The Mayor of Knowlton was on hand as were many local family members and representatives from various organizations came forward to lay wreaths of respect. Everyone sang hymns and prayed together and it seemed that these turbulent times made such a ceremony even more vital. Seeing the casualties in current struggles around the world makes more of realize the sacrifices that were made by other generations.
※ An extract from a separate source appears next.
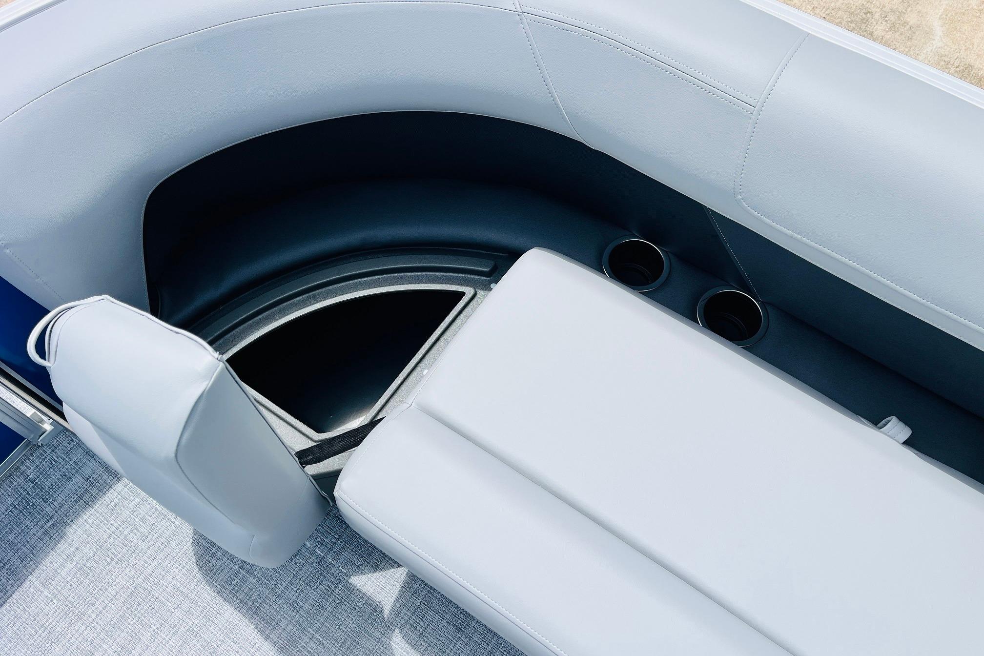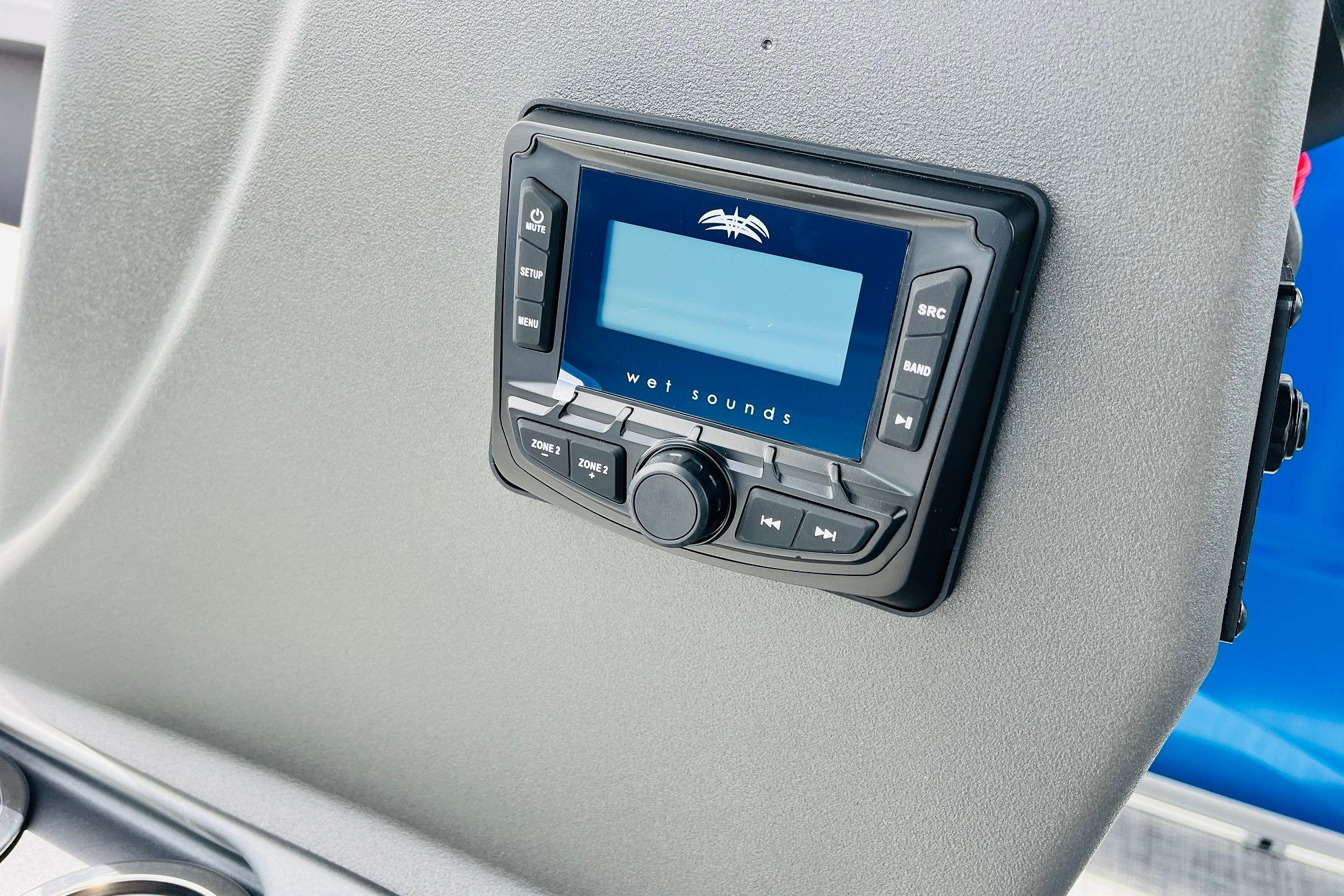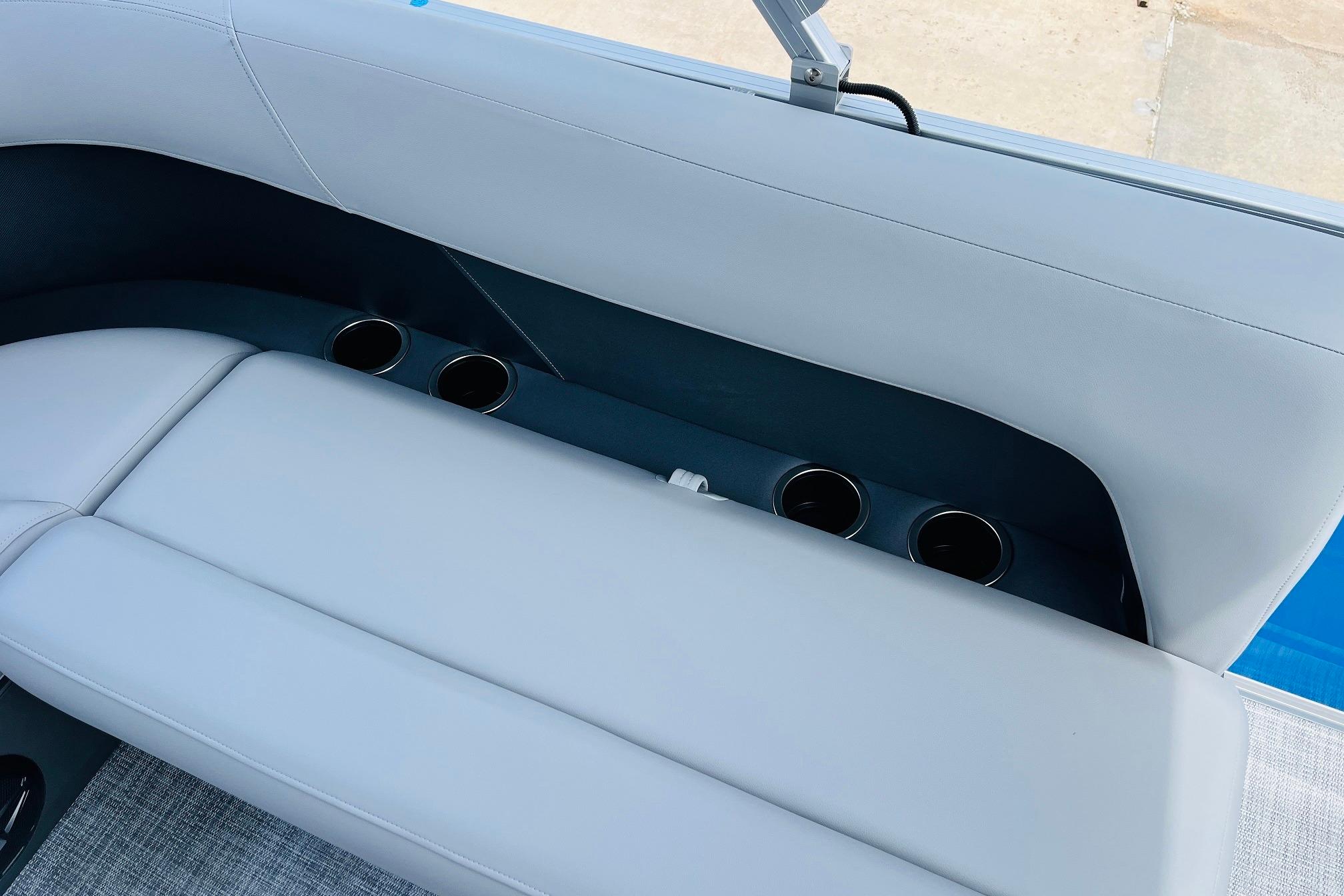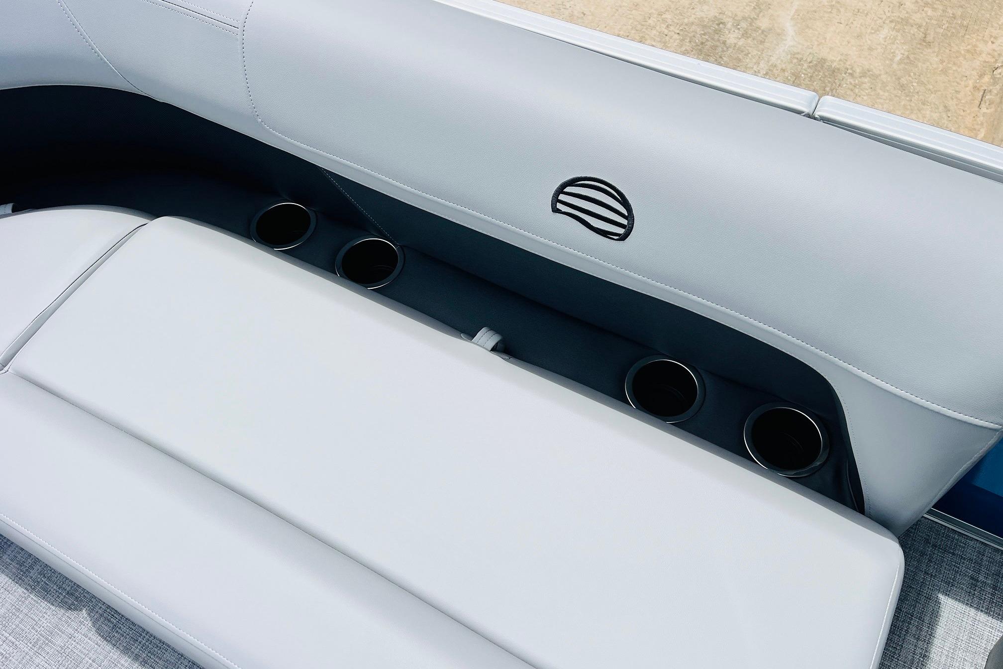 This year's PARTY BARGE gets some slick upgrades. Extra cupholders and storage built into the lounge backrests and improved handles make keeping your supplies at hand easier than ever. A new driver console design creates extra style. The boarding ladder has wider, more ergonomic steps. Crank up the soundtrack of the summer with the standard Bluetooth-capable Wet Sounds stereo and pull up the 7' bimini top to party in the shade when the sun is high. Find your corner of the lake and relax in one of the three corner lounges.Memories come easy in boats like the PARTY BARGE 16 DLX. Start making yours this summer!

Our finest gathered to share and to remember the trials and tribulations of the past.Police closed off Victoria Street near Knowlton Academy as hundreds of people gathered to pay their respects and lay wreaths for those who can never be forgotten. Every year at Remembrance Day Ceremonies in Canada there are fewer and fewer Veterans of the great wars of the world but the crowds who gather seem to be getting larger all the time.

Living in Quebec, it was surprising to see such a crowd gather in Lac Brome and it surely made everyone there proud in their solidarity in showing their thanks. Most newspapers of major cities across Canada featured reports and historical coverage of Canadians at war yet in Quebec many newspapers almost go out of their way to ignore the remembrance of our heroes! It may not be surprising but it still is disrespectful and so it was especially nice to see the hundreds who came out to bow their heads.

With more Canadians in harms way in Afghanistan it is good to see more young people coming to such memorials. World War 1 and 2 do not register in the consciousness of many young people so the sight of Girl Guides leaving white paper swans at the cenotaph was a poignant reminder of how war continues to affect us.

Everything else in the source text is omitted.